Binding isotherms of TREX2 and variants. The concentrations of free TREX2 and TREX2 binding density were calculated in DNA binding reactions from the TREX2 titrations in Fig. 4 and analyzed as described under “Experimental Procedures.” Plots relating the observed anisotropy Aobs to the free TREX2 (A) are fits of the TREX2 cooperative binding to the 30-mer DNA using a binding site size n = 10 nucleotides, an intrinsic binding constant K = 1.8 × 104 m-1, and a cooperativity parameter ω = 1.0 × 103. Plots relating the observed anisotropy Aobs to the calculated binding density (B) show the two TREX2 binding phases. In the first binding phase the observed anisotropy increases to ∼7 for TREX2WT and TREX2WT/H188A heterodimer and to ∼2.5 for TREX2WT/R163A,R165A,R167A heterodimer. In the second binding phase the observed anisotropy increases to ∼14 for the TREX2WT and TREX2WT/H188A heterodimer and to ∼5.5 for the TREX2WT/R163A,R165A,R167A heterodimer.

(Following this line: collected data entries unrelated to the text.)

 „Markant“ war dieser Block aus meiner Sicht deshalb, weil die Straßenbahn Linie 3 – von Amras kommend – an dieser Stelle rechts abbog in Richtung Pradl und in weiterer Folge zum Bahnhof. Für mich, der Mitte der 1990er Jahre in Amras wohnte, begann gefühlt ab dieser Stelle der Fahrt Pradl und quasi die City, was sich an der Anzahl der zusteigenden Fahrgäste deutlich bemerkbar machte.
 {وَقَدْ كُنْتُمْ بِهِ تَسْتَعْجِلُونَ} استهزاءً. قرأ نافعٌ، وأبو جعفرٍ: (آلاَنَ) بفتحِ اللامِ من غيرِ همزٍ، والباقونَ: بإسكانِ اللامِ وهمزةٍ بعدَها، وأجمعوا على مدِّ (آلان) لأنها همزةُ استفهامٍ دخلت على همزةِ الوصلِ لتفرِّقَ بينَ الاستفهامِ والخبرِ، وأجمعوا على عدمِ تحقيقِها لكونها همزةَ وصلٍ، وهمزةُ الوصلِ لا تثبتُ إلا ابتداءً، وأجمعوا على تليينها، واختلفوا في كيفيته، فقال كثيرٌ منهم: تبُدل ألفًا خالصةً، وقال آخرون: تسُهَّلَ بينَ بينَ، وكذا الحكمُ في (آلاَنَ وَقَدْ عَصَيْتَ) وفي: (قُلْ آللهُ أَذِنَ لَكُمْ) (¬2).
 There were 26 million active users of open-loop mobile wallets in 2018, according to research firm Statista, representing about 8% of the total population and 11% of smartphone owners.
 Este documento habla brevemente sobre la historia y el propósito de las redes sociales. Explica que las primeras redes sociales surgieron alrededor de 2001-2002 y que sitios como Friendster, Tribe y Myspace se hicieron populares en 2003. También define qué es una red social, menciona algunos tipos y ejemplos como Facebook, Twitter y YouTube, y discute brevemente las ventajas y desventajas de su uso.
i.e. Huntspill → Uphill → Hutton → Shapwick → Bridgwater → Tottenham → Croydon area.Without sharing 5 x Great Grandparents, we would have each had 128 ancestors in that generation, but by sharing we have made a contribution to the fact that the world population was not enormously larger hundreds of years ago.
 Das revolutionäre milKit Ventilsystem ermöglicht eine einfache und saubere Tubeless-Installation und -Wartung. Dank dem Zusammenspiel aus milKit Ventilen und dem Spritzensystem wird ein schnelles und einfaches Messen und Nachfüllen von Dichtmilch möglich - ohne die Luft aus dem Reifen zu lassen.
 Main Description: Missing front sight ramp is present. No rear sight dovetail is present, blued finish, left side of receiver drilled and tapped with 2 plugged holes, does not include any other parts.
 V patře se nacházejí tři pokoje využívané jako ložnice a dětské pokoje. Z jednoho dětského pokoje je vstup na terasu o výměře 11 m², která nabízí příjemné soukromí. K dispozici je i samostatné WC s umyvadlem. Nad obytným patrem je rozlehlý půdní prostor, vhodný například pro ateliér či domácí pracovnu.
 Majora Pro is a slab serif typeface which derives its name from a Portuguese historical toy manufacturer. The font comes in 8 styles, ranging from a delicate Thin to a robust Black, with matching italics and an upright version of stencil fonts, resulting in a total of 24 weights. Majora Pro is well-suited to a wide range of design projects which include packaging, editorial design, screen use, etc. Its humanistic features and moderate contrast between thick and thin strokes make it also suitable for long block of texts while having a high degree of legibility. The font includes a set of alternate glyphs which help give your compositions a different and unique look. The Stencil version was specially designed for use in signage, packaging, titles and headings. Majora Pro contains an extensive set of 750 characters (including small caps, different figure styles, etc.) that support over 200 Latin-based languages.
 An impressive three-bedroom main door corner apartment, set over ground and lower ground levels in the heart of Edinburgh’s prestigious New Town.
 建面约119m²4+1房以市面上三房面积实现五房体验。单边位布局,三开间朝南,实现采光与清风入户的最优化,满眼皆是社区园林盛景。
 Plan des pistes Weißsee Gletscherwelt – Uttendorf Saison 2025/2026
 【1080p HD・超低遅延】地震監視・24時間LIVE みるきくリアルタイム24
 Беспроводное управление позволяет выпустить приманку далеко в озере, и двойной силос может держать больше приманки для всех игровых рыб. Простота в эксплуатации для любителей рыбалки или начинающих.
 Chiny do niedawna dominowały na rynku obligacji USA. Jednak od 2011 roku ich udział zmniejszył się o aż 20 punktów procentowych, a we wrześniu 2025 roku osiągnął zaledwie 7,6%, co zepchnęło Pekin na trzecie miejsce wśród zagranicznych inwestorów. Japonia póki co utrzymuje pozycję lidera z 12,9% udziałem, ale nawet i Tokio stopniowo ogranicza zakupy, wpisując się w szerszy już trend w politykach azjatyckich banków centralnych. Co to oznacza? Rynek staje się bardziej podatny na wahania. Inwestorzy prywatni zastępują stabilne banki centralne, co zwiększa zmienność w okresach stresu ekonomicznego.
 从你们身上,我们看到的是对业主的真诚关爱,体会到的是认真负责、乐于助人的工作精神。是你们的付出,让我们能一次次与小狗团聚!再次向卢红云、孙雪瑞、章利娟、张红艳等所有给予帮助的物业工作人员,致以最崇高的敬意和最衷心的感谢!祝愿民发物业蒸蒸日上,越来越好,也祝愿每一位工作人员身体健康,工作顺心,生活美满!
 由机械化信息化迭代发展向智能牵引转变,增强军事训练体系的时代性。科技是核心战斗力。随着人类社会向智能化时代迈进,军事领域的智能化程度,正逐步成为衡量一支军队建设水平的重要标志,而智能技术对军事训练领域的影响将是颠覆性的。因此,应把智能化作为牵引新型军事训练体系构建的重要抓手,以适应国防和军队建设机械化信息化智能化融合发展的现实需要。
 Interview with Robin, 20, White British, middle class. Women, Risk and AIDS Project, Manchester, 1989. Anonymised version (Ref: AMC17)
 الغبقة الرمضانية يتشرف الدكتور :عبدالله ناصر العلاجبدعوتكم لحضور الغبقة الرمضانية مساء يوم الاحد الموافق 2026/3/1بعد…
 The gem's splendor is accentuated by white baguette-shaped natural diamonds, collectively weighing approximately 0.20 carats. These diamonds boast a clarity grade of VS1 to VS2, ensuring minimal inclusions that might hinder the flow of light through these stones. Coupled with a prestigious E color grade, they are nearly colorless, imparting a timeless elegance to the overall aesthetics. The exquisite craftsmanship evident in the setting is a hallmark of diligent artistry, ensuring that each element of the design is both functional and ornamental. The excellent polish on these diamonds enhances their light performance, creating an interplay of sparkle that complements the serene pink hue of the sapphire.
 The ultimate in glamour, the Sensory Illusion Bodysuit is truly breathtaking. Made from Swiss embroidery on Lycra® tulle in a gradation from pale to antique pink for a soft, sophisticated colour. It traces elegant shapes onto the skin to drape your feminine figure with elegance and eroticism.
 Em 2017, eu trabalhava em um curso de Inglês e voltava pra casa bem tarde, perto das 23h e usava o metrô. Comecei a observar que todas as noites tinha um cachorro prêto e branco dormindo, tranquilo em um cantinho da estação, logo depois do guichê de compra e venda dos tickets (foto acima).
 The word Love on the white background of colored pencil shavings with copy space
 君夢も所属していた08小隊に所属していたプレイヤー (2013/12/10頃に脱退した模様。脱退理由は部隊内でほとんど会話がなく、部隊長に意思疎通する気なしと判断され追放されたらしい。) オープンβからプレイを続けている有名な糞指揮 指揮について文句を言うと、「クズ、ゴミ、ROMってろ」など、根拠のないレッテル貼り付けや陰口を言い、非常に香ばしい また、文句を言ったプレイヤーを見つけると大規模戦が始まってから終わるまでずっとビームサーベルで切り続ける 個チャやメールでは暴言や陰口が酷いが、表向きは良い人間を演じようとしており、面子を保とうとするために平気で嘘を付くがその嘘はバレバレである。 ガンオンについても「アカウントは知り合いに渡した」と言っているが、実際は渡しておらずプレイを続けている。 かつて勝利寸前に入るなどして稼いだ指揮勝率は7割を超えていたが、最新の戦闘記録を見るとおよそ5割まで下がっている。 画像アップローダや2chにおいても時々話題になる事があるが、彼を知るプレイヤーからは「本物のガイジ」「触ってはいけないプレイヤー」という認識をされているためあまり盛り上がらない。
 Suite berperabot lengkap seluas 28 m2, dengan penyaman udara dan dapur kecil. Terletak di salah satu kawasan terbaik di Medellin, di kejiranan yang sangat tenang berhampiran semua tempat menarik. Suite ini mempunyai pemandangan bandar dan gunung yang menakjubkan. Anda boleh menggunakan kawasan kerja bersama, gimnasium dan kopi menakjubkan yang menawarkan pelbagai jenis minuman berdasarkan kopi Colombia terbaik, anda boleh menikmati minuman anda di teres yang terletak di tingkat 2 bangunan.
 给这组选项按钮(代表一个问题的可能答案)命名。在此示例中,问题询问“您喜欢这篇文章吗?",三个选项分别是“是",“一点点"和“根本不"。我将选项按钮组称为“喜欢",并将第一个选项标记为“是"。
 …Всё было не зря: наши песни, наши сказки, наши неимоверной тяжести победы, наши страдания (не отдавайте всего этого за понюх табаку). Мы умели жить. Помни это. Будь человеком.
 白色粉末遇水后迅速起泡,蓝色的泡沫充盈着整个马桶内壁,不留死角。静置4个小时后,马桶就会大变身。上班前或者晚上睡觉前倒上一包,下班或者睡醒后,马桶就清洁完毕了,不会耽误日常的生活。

Single Turnover Kinetic Analysis of TREX2—A single turnover kinetic analysis shows that DNA binding is rate-limiting in the TREX2-catalyzed reaction. The native TREX2 structure modeled with DNA bound indicates that Arg-152 and Asn-118 in addition to the metal ion-coordinating interactions of Asp-14, Glu-16, Asp-123, and Asp-193 provide the major electrostatic interactions with a DNA substrate within the 3′-exonuclease active site (20). Our recent TREX2 structure with bound DNA confirms these interactions.4 Together, our available structural and kinetic data support a model where the TREX2 Arg-163, Arg-165, and Arg-167 on the α6-α7 loop bind first to the DNA backbone and subsequently position the DNA 3′ end into the active site. This model predicts that DNA binding might be rate-limiting in the TREX2-catalyzed reaction, and we performed single turnover reactions comparing TREX2WT with TREX2R163A,R165A,R167A variant to test this possibility. We first determined the appropriate TREX2 and DNA concentrations that establish pseudo-first order reaction conditions by incubating a single amount of TREX2 with four different concentrations of the 30-mer DNA substrate (Fig. 6A) and by incubating four different amounts of TREX2 with a single concentration of the 30-mer DNA substrate (Fig. 6B). The TREX2 was in excess (2.5–10-fold) over DNA substrate in all reactions. The observed excision rate (kobs) for TREX2WT was determined in these time course experiments by quantifying the oligonucleotide products and plotting the disappearance of full-length 30-mer DNA substrate. The data show that disappearance of the 30-mer DNA corresponds closely to a single exponential fit. Furthermore, these results demonstrate that the TREX2WT kobs = 63 s-1 is independent of the DNA substrate concentrations that were tested (Fig. 6C) and that the kobs is directly related to the concentration of TREX2WT used in these reactions (Fig. 6D). These data support a TREX2 mechanism in which DNA binding is the rate-limiting step.

FIGURE 6.

FIGURE 6.

Single turnover kinetics of TREX2 using an ssDNA 30-mer. The TREX2 was mixed with FAM-labeled ssDNA 30-mer oligonucleotide to yield the indicated final enzyme and DNA concentrations and quenched at the times indicated (A and B). The oligonucleotide products were quantified, and the amount of 30-mer remaining in the time course reaction is shown (A and B). The curves of the loss of the 30-mer in the time course reactions were generated by fitting the data to a single exponential equation as described under “Experimental Procedures.” A plot of the TREX2 kobs at different DNA concentrations (C) and using different TREX2 concentrations (D) supports a mechanism in which DNA binding is rate-limiting in TREX2 catalysis.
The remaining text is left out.